One year, we had a contest to determine which student could train the most people—it was a great opportunity to continue building an effective, professional relationship with the Columbus Public School staff.
The students are usually very engaged and receptive to the training. Our CPR training staff and paramedic students to perform the training, along with school nurses. Over the last ten years, we’ve taught over 1,000 students.
Thursday: Save-A-Life Day
On Thursday, we hold our annual Cardiac Arrest Survivor celebration and luncheon. This is our signature event for the week, and it brings home the extremely personal nature of the impact that EMS personnel have on the lives of so many in the community. We invite the mayor, city council members, public safety leadership and other prominent members of the community to attend.
We invite 5–8 cardiac arrest patients who have been successfully resuscitated by Columbus EMS providers. The survivors, along with their families, can meet the individuals who saved their lives. At the event, we invite the survivor and their respective rescuers to the stage to be recognized and have a photo taken. Those photos are then hung on the Cardiac Arrest Wall of Fame in the Columbus EMS training building.
Friday: EMS Recognition Day
On Friday, we hold our “CPR on the Square” event in front of Nationwide Arena in downtown Columbus. We bring in CPR manikins and conduct hands-only CPR training during lunch hour, when office workers are on their break. In addition to receiving training in the middle of the town square, people are also given an Anytime CPR kit to take home.
Effective Relationships with the Local Media
As with any high-profile event, effective public relations are of key importance, and we’ve made the most of our relationships with the local press and media outlets. They love to come to these events and tell great stories that project EMS in a very positive light.
Our Public Information Office also makes sure that our elected officials are invited to these events. In doing so, they learn about the tremendous importance of EMS to the community that they serve.
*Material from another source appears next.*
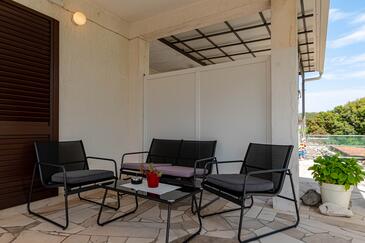 Az Apartman 4 főt tud fogadni. Az ágyak a/az 1 hálószobában, és a nappaliban/ben vannak, melynek méretei 39m2. A forró nyári estéket a vendégek saját teraszukon élvezhetik. Az apartmanból tengerre néző kilátás nyílik. A közös barbecue-helyet a vendég szabadon használhatja.
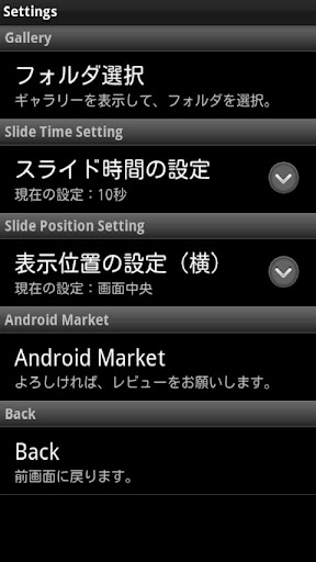 スライド時間の設定(5秒から60秒の5段階)

Awareness of the impact of EMS to our decision makers has afforded us some significant benefits.
EMS week is the one time of the year when we can recognize and promote the importance of EMS to our communities. Instead of just viewing EMS providers as “ambulance drivers,” the community is educated about the vast impact that EMS has on the overall wellbeing and good health of the citizens being served. Here in Columbus, we don’t ever want to let that opportunity pass us by without taking advantage of it.
Having hospitals put out cookies and snacks for EMS providers doesn’t really do it justice. Using EMS Week to promote your EMS agency might pay rich dividends for a long time. If your EMS agency isn’t making optimal use of this week, consider putting together a planning committee and finding out what would work out best in your area.